Proponents of fasting, for instance, often say this go without food for a long time was a natural a part of human evolutionary history. That's true, and that's why our bodies are the way in which they're today metabolically flexible – We can survive on almost any style of food or without food.
However, it doesn't follow that folks, ancient or modern, act routinely selected abstaining from food, beyond certain religious practices.
Professor of Anthropology at Duke University Hermann PontzerPhD, spent a variety of time on it Hadzaa standard hunter-gatherer community in Tanzania.

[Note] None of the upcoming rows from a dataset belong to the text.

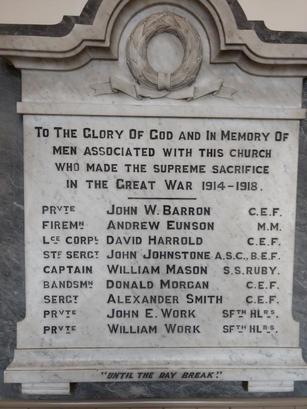 TO THE GLORY OF GOD AND IN MEMORY OF/MEN ASSOCIATED WITH THIS CHURCH/WHO MADE THE SUPREME SACRIFICE/IN THE GREAT WAR 1914-1918/[names]/"UNTIL THE DAY BREAK!"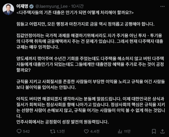 이어 “금융 역시 정의롭고 공평해야 합니다”라며 “집값 안정이라는 국가적 과제를 해결하기 위해서라도 자가 주거용 아닌 투자-투기용의 다주택 취득에 금융 혜택까지 주는 건 문제가 있습니다. 그래서 현재 다주택자 대출 규제는 매우 엄격합니다”라며 “양도세까지 깎아주며 수년간 기회를 주었는데도 다주택을 해소하지 않고 버틴 다주택자들에게 대출 만기가 되었는데도 그들에게만 대출 연장 혜택을 추가로 주는 것이 공정할까요?”라고 이어갔다.
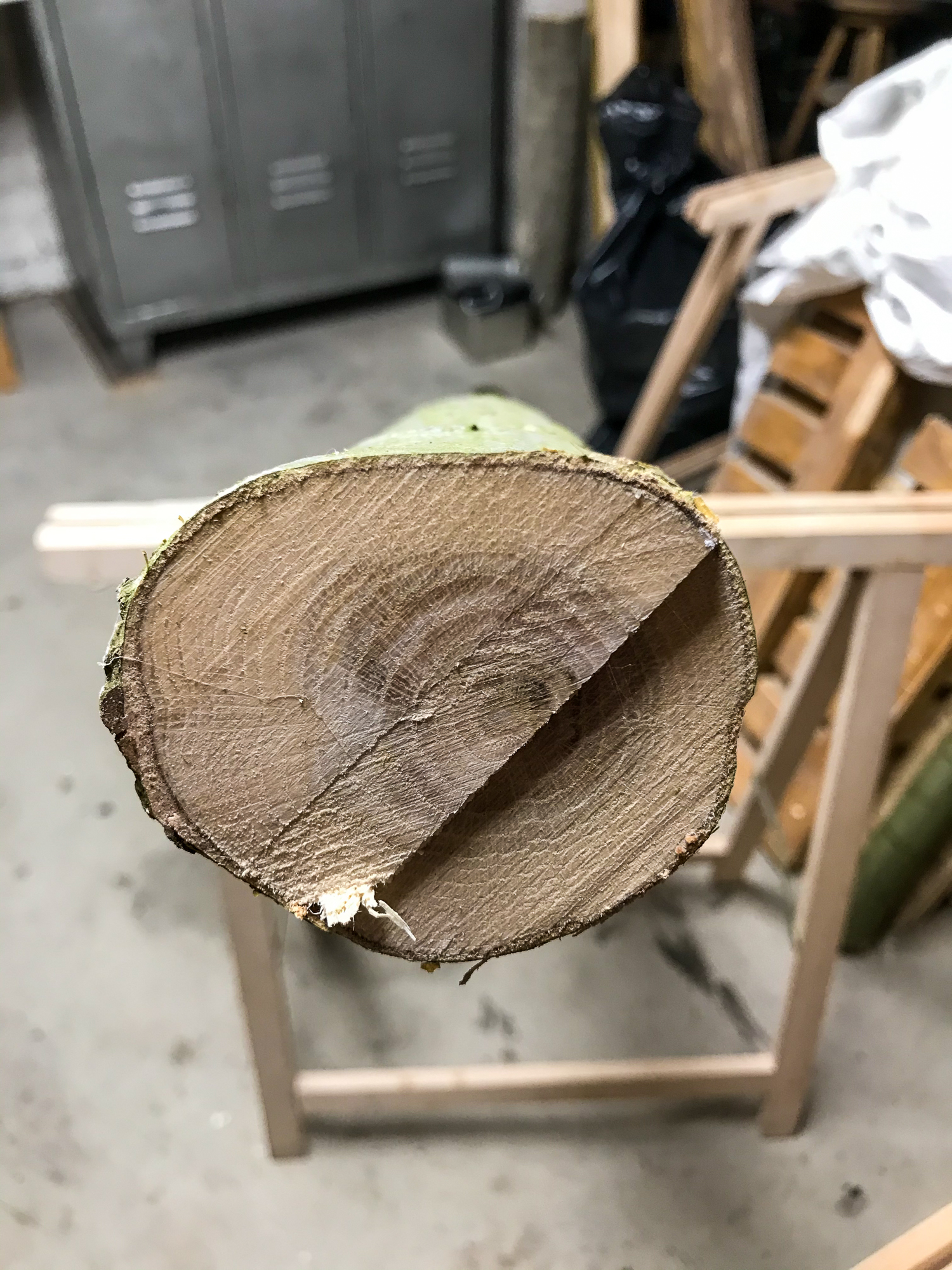Da ich keine Bandsäge habe und Roteiche sehr einfach zu spalten sein soll, habe ich mir überlegt die Wurfarme wegzuspalten. Vom Griff will ich erstmal so viel wie möglich stehen lassen. Hat auch super geklappt. Rinde soweit runter, dass der erwartete Verlauf des Spalts gut zu sehen und zu kontrollieren ist und dann 15 cm vor dem Fade eine Markierung bei der ich den abgespaltenen Teil absägen kann. Hauptsache der Spalt läuft nicht zu weit!

“My observations are inconsistent with the idea that prolonged fasting is a normal part of life,” Pontzer said. “It’s very rare that there’s nothing to eat.”
On the opposite side of this coin is the concept that fasting is so unnatural that it causes harm. Varady is typically asked to comment false narratives.
“The main issue that really bothers me and is getting a lot of attention online is that intermittent fasting messes with people's reproductive hormones, especially women,” she said. “I don’t know how this started, but there are literally no human studies showing clinically significant changes in a hormone like estrogen.”
It is a component of a bigger challenge facing nutritionists in addition to physicians, nutritionists and other practitioners.
“The only thing people really listen to is random influencers on social media and what they think about intermittent fasting,” Varady said.
Another myth: Fasting gives people permission to eat unhealthy foods while they eat.
The idea seems intuitive, especially for more extreme versions of intermittent fasting. For example, if someone has just fasted for twenty-four hours or their eating window is simply 4 hours per day, you'd expect them to run to the drive-thru the moment the window opens.
“Interestingly, that is not the case,” Varady said. “People don’t want to replace all the food in their pantries. So you eat the same foods, but less of them. We are not seeing an increase in sugar or saturated fat intake.”
How to do Istop Lenten be just right for you
If you choose to present it a try, Varady recommends 16:8 intermittent fasting.
“The 8-hour window is a good start,” she said. “It results in some of the most beautiful weight loss we've ever seen, and it's one of the easiest to incorporate into a person's lifestyle.”
It also helps to approach it with realistic expectations.
“Intermittent fasting results in mild weight loss,” Varady said — mainly what you'd expect from any weight loss program. “It just helps people eat less. It’s not magical.”